Reminiscent of Jean Vigo's 1934 film La Atalante that also dealt with a triangle aboard a barge, this work has a more somber and deadly air. Joe (Ewan McGregor) is a cocksure would-be writer who takes a job working on a barge that plies the canals between Glasgow and Edinburgh. The boat is owned by Ella (Tilda Swindon) who is trapped in a sterile marriage with Les (PeterMullan). Before long, Joe is boffing the boss creating tension aboard the barge. A subplot dealing with a dead young woman found floating semi-nude in the harbor keeps resurfacing as the film reveals in a fractured timeline how she came to be there. Though this element moves the story along, this film is far more about its oppressive atmosphere and characterizations that are only slowly revealed. 

Your Friends and Neighbors

A sardonic meditation about three 30-something men who are ostensibly
buddies and whose ongoing interest in one another centers around their
respective sexual exploits and prowess. Two of them are in relationships
with women, the third seems to go through women like Kleenex.
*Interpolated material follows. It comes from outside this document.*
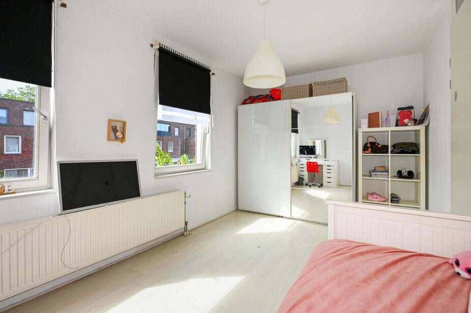 Een ruime, goed onderhouden woning met maar liefst zes kamers, een zonnige tuin en gelegen in een kindvriendelijke, autovrije hof. Dankzij de uitbouw op de tweede verdieping beschikt deze woning over een royaal woonoppervlak van ca. 142 m². De woning is geheel gasloos en wordt verwarmd via stadsverwarming.

And all three
are up to their ears in self-love. Not that their women are much better.
They too base every encounter and relationship on what is in it for them.
In one telling scene, when the men discuss their greatest sexual
experiences, one admits that he provides himself with the best sex. These
are venal, selfish people whose dialogue leaves us cringing-at least when
we're not laughing. LaBute's brand of go-for-the-throat comedy will not
please everyone. But people who've enjoyed work by Edward Albee and David
Mamet should find this to their liking.

The Year of Living Dangerously 

A chronicle of politically tumultuous times in Indonesia in the mid 60s
when the communists attempted to unseat the Sukarno regime, told from the
perspective of an Australian journalist played cynically by a young Mel
Gibson with Sigourney Weaver as the love interest and Linda Hunt in an
Academy Award-winning role as a Eurasian (male) dwarf who is Gibson's
photographer. It's highly exciting and atmospheric-you can feel the
dripping humidity. Following the recent upheavals in Indonesia, this
story, which marked the beginning of Suharto's 30-year reign which just came to an end,
is given current relevance.

 

The Yazuka

An intricately plotted detective story set in Japan with Robert Mitchum as
an American trying to find his friend's abducted daughter and becoming
involved with the Japanese mob. Although there's plenty of graphic violence
and slam-bang action, the movie's really about loyalty and brotherhood.
Lots of arresting glimpses into Japanese culture help differentiate this
from run-of-the-mill actioners.
 
 

The Young Poisoner's Handbook

Based on an actual case that enthralled the British tabloids, it is the
story of a young man whose abiding passion is chemistry. While his middle
class family sucks on the glass teat in the drawing room, he immerses
himself in arcane methods of poisoning. After putting his learning to
practical use, he's convicted, deemed reformed, and released from prison to
take a job where he's very unwisely put in charge of making tea. A wickedly
dark comedy that is at once appalling and funny.